Just few months ago I have run full twenty kilometres and now I run just ten five minutes and I feel tired?

What happened to my body?

This has been quite a mental challenge of going running, than few days processing the decline, persuading myself it is going to get better and running again. Sometimes unsure if the pain is normal or I just should stop all together. I tried to listen to my body, but same time not to make excuses for myself. As enjoyable runs still has been and helped me clear my head to somewhat extent it was just not what it once used to be. Fearful part of myself got to speak about my heel never getting better and proud part of myself just nagged me about never running marathon again.

Sometimes in the midst of it is hard to see things may ever got better.

Slowly, step by step I got to walk and run 5k.

My birthday came and I had a strong urge going outdoors as I was working all day. As we have longer light now I got to go to a forest for a quick 5k walk and run. It was a beautiful day and as I smelled pine trees around and heard birds singing I have decided this is the perfect time. Time to start running 5k every day for a year.

The idea was brewing in my head for quite some time, but I have been postponing it as I still didn’t feel ready for the challenge. When would I be though? What better time there is than mark it by my birthsday. I might not manage every single day, my injury might prevent me from doing so, but there is no harm to try and see. I can not run long distance runs this year, but maybe I can run (almost) every day distance I am capable to handle.

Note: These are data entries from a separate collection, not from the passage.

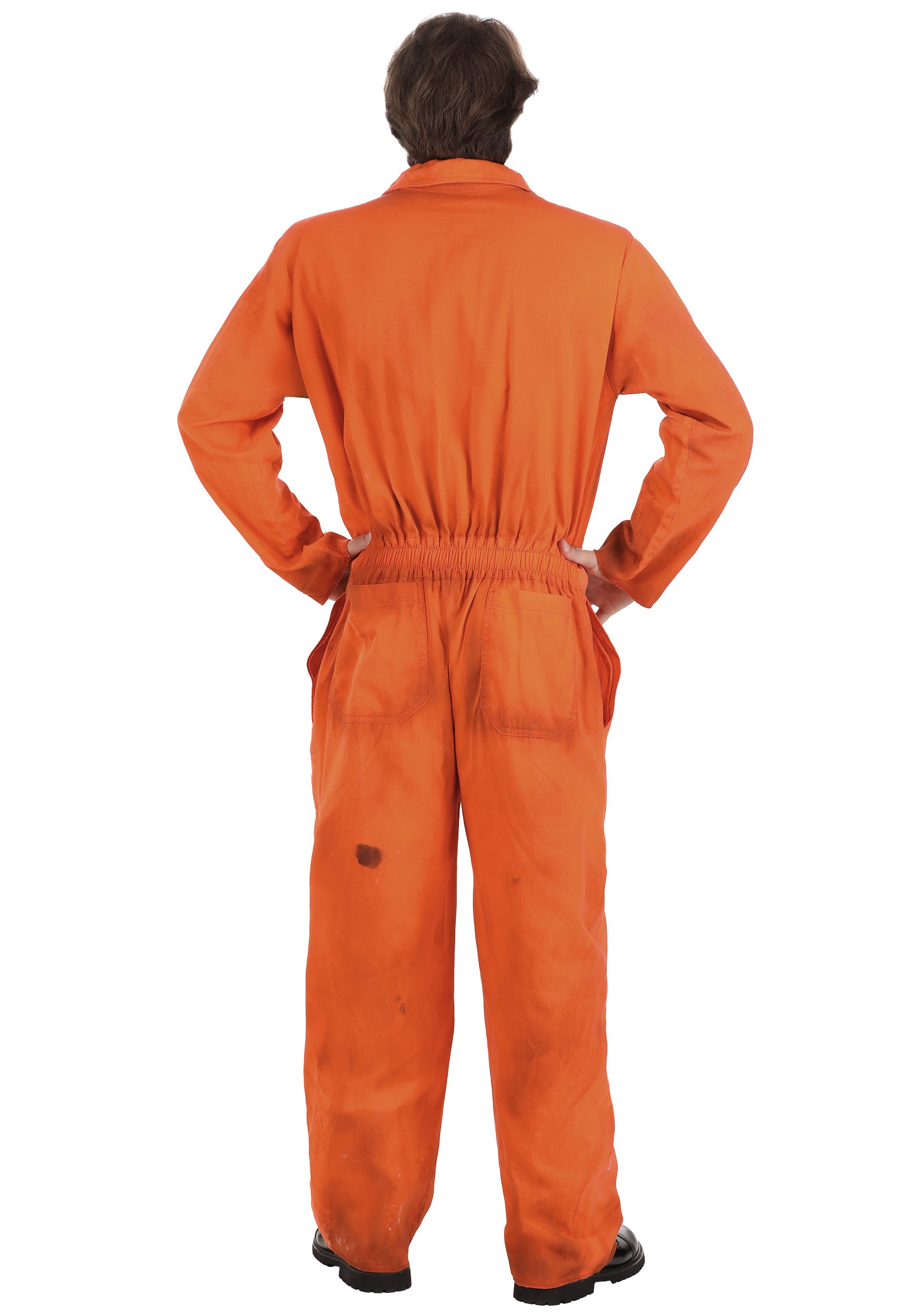 This is an exclusive Adult Distressed Prisoner Jumpsuit Costume.
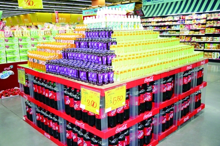 | 将不同品牌的饮料恰如其分地搭成金字塔造型,赚足顾客眼球。 |
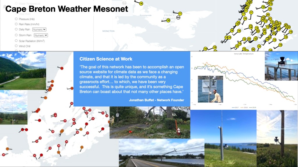 The Cape Breton Mesonet provides live and archived weather data for Cape Breton Island and parts of mainland Nova Scotia. It is a citizen science initiative founded by Jonathan Buffet . There are over 50 weather stations in Cape Breton Island and parts of mainland Nova Scotia. An incredible resource for tapping into weather data for targeted regions.

And see where it takes me…

My running strategy has to change

Last year in May I have run half a marathon. When comes to running journey it has been so far the biggest achievement and I knew there’s going to come a day when I will have to face an injury. I just didn’t know it’s going to be so soon.

Maybe I shouldn’t run the half marathon already as I experienced sores in my heel. I pushed through hoping that stretches will help, but the amount of running plus job mostly standing on my feet ultimately brought me to face the fact I will not be running marathon I have signed up for in autumn 2024 and maybe I won’t be running at all for a while.

After summer I stopped running for 2 months in hopes my feet will heel.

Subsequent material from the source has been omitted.